» **MATERIAL SUPPLIED**
----
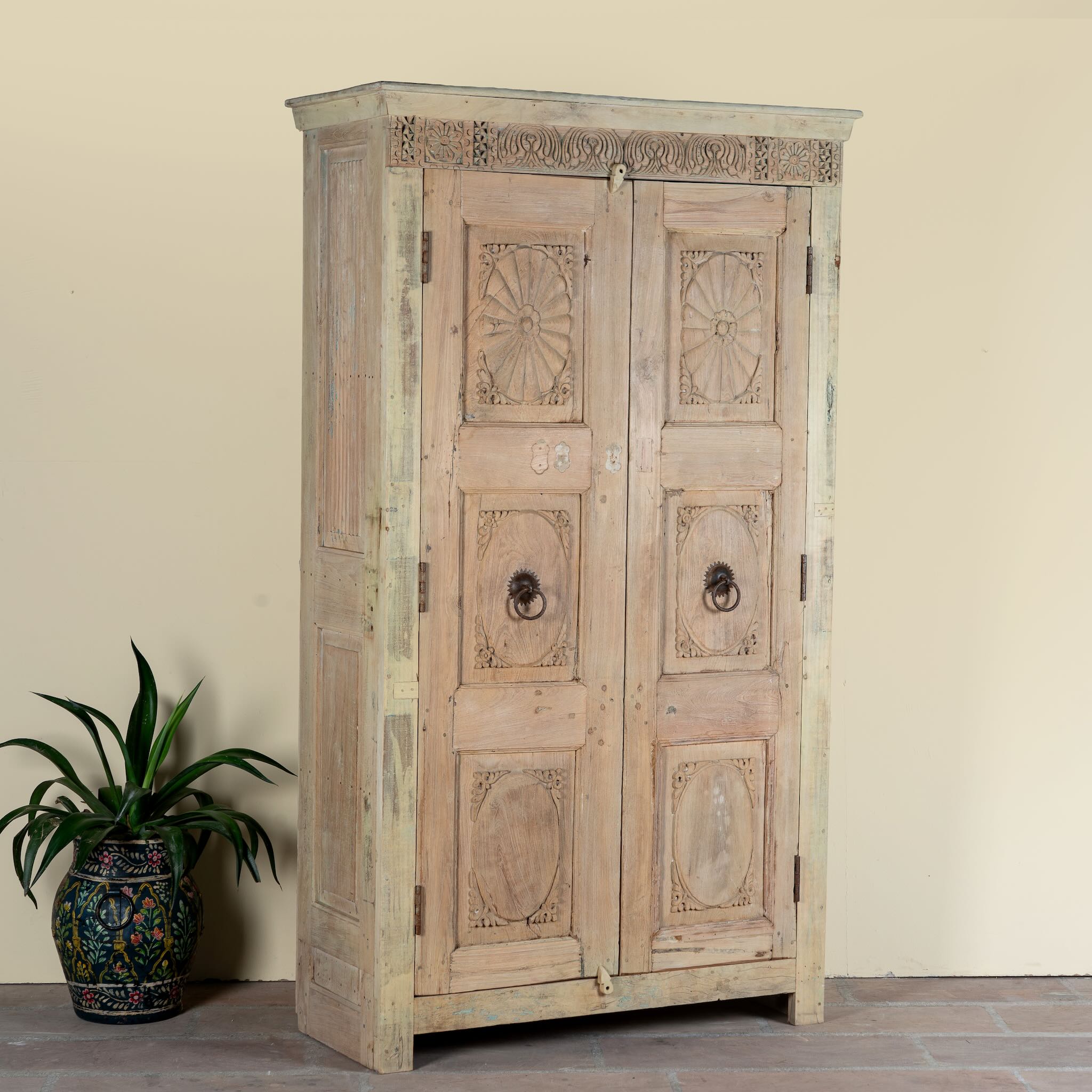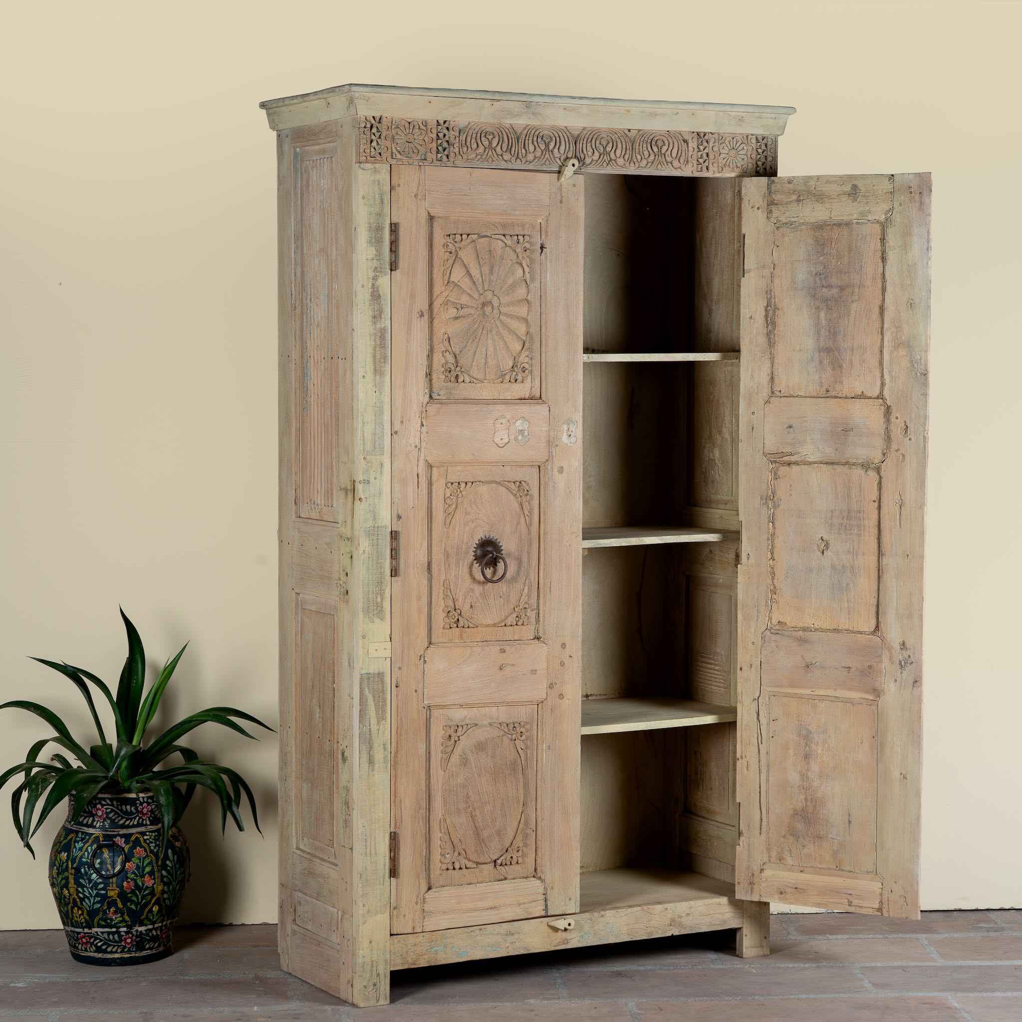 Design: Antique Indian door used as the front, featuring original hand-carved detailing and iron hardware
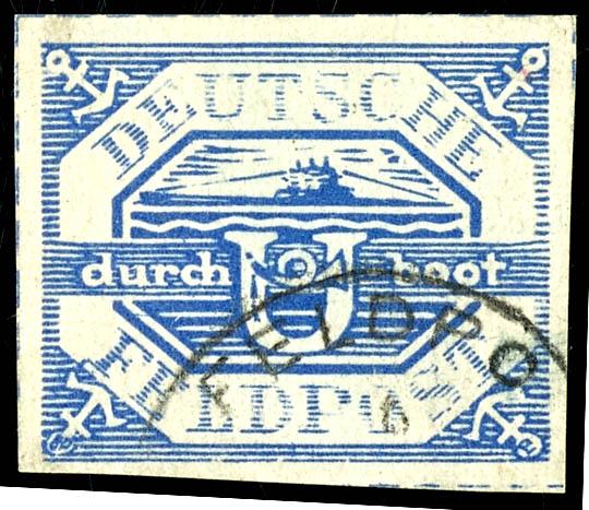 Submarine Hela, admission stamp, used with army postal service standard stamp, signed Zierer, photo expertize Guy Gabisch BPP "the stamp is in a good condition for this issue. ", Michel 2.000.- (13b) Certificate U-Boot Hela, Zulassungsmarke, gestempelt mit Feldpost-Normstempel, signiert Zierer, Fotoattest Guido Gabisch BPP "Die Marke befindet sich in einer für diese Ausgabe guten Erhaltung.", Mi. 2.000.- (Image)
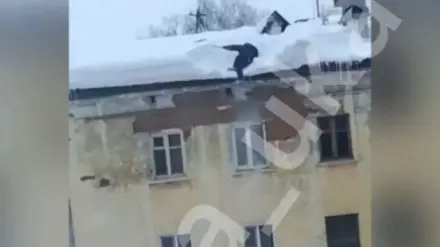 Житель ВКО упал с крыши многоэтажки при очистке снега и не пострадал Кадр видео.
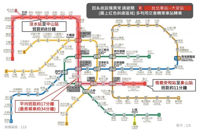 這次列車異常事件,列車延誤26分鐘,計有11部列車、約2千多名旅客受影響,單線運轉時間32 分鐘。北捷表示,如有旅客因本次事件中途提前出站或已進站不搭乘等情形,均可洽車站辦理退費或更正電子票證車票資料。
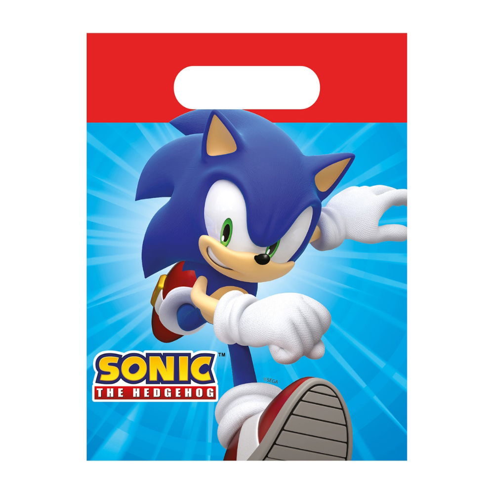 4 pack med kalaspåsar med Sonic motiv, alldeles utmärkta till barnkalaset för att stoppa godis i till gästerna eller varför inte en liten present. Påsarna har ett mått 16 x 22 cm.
----
» **TASK DESCRIPTION**
Exact repetition of all the records is required, with the pictures excluded.

» **PROBLEM SOLUTION**
 Design: Antique Indian door used as the front, featuring original hand-carved detailing and iron hardware
 Submarine Hela, admission stamp, used with army postal service standard stamp, signed Zierer, photo expertize Guy Gabisch BPP "the stamp is in a good condition for this issue. ", Michel 2.000.- (13b) Certificate U-Boot Hela, Zulassungsmarke, gestempelt mit Feldpost-Normstempel, signiert Zierer, Fotoattest Guido Gabisch BPP "Die Marke befindet sich in einer für diese Ausgabe guten Erhaltung.", Mi. 2.000.- (Image)
 Житель ВКО упал с крыши многоэтажки при очистке снега и не пострадал Кадр видео.
 這次列車異常事件,列車延誤26分鐘,計有11部列車、約2千多名旅客受影響,單線運轉時間32 分鐘。北捷表示,如有旅客因本次事件中途提前出站或已進站不搭乘等情形,均可洽車站辦理退費或更正電子票證車票資料。
 4 pack med kalaspåsar med Sonic motiv, alldeles utmärkta till barnkalaset för att stoppa godis i till gästerna eller varför inte en liten present. Påsarna har ett mått 16 x 22 cm.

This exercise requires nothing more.